0.5

288 26 40
                                    

Yorgun adımlarla eve gelirken anahtarımı çantamdan çıkarmaya çalıştım.Sadece çalıştım çünkü anahtarını bulamamıştım.Sıkkınlıkla öflerken aklıma gelenle resmen kafamın üstünde ampül belirdi.

Tabii ya!

Otuz dakikadır nasıl düşünememiştim ki? Arka bahçeye gidip çevresinde az taş olan büyük bir taş aradım. Sonunda bulduğumda çektim ve elime bir kutu geldi.Kutunun içinde de bir not ve anahtar vardı. Yaklaşık 5 yıl önce, daha küçükken,12 yaşımdayken, yapmıştım bunu.Notu elime aldım ve okumaya başladım. O zamanlar yazım biraz kötüydü ve harfler birbirine karışmıştı. Yine de okuyabiliyordum.

Merhabe Yağmur,bilmiyorum ailen ne zaman seni dışarıya atacak da bu anahtarı almak zorunda kalacaksın bilmiyorum ama İnşallah ailemiz değişmiştir.Belki de kapıda kaldın ve aklına bu fikir geldi.

Şuan ağlayarak bunu yazdığını hatırlıyorsundur eminim.Ah, berbat bir gündü değil mi?

Akşam seni eve almamışkardı çünkü okulda o pislik arkadaş senin üstüne iftira atmıştı ve hocalarda ona inanıp sana ceza vermişlerdi.Akşam da eve 5.30'da gelmek zorunda kakmıştın ve ailenin erken geleceği tutmuştu.

Ne kadar aileni ikna etmeye çalışsan da senin mazlum olduğuna inanmamış, üstüne bundan faydalanıp seni kapı dışarı etmişlerdi. Hatırlıyorsun değil mi?

Sen de hıçkıra hıçkıra ağlarken sabaha kadar yağmurun altında çamurlu toprakta yatmış, sabah annenler işe giderken seni bulmuş,bir azar daha işitip okula gönderilmiştin.

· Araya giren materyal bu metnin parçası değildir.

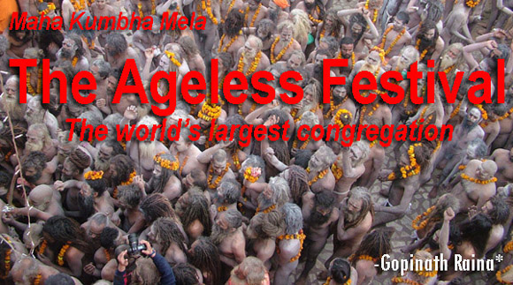 *A journalist by profession, a scholar by temperament and a writer by choice, Gopinath Raina was inclined to the study of religion from his very young age. It was Swami Vivekananda’s dynamic exposition of Hindu thought that fired his imagination while he was still at school, and by the time he entered college, he had been drawn to the writings of Gandhi, Aurobindo, Narayana Guru, Radhakrishnan and Bertrand Russel.After retiring from Indian Information Service (I.I.S.) in 1983 where he distinguished himself as an editor, correspondent, commentator and administrator in All India Radio, he edited, AICC Journal, Varnika, (Jan.'84-Dec.'90), Koshur Samachar (March'91-Oct '95, Sanatana Sandesh,(1997-2005) and KASHEER (2003-2004), He has been writing profusely on various aspects of Hindu thought. He enjoys writing, particularly on saints and sages, not only of Kashmir, but of the other parts of India as well. Presently he lives in Miami, and spends his time writing personal memoirs. Some images are courtsey kumbh2010, GOI web site |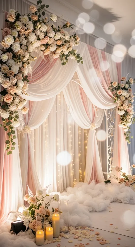 A stunning backdrop can elevate your wedding photos. Dollar Tree’s tulle, fairy lights, and artificial flowers can be combined to create a dreamy photo booth or ceremony backdrop. Drape the tulle over a simple frame, intertwine flowers and lights, and you have a magical setting that looks high-end without the cost.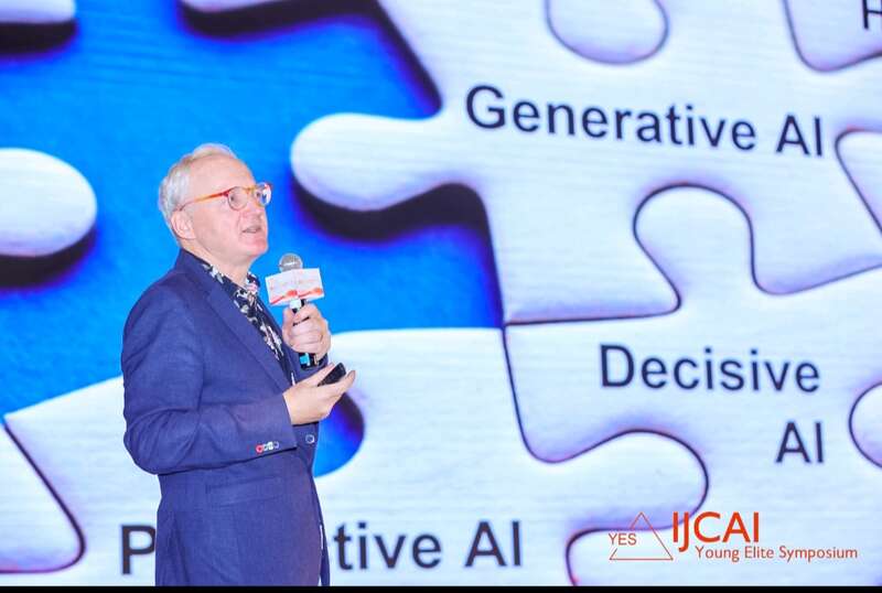 华东师范大学信息学部主任、2023 IJCAI YES大会程序委员会中方主席张桂戌教授介绍了本次会议中最令人值得期待的几个环节——五大主旨演讲、两大论坛、54 个学术报告以及一个对谈。

Aslın da hiç gitmemiştin.Okul kıyafetlerin çamurluydu ve.. Saçların, botların yüzün..Her yerin çamurluydu.

Sen de anahtarı gizlice alıp çıkar gibi yapmıştın, babanlar uzaklaşınca da eve geri girmiştin.

O gün sıcak bir duş alıp bunları hazırlamıştın değil mi? Hıçkıra hıçkıra ağlarken yazmıştın bu yazıyı?

Yani ben,biz..

Gelecekte mutlu olman dileğiyle!

Kapnın önüne sinmiş, hıçkırarak ağlıyordum. Nasıl unutabilirdim ki? Hatta o gün üvey ablam beni okula gitmedim diye ispikliyonlamış, üstüne bir de karnım ağrırken bayılıncıya kadar dayak yemiştim üvey annemden. Babamsa sadece bakmıştı bana.Bakmıştı..

Kapıyı açıp içeri girdim. Üvey ablam Fatma içerde yüz maskesiyle uyuyordu.

Tam bir güzellik delisi ve sürtüktü.

Yüzünde yeşil maskesi, gözlerinde salatalık ve tırnaklarının içinde olduğu bakım yağları dolu kap.

Ayaklarında ojenin kurumasını beklerken koltukta sırtını yaslamış, uyuya kalmıştı muhtemelen.

Fatma güzel kızdı aslında. Şu yaşına kadar Yüzlerce diyebileceğim kadar sevgilisi olmuştu. Benden 2 yaş büyüktü ama asla ona abla diye seslenmezdim.

Zengindik aslında. O yüzden annem öldükten sonra üvey anneciğim hemen babama koşmuştu. O kadın tabii ki benden nefret ederdi. Babamsa beni annem ölmeden önce çok severdi. Şimdiyse önceliği fatma.

Külkedisi gibiydim aslında. Sürekli iş için yurt dışına giden bir babam, kötü üvey kardeşim ve üvey annem vardı. Annem ölmüştü ve üvey annemle üvey ablam tam bir para gözdü, para için herşeyi yaparlardı.

Tek fark, babamın ölmemesi,beni baloya hazırlayacak iyi kalpli sihirli bir perinin olmaması,hiçkimsenin -Bir zamanlar annem ve babam dışında- beni sevmemesi ve yakışıklı prensimin olmaması.Yada şöyle deyim; yakışıklı prensimin beni sevmemesi.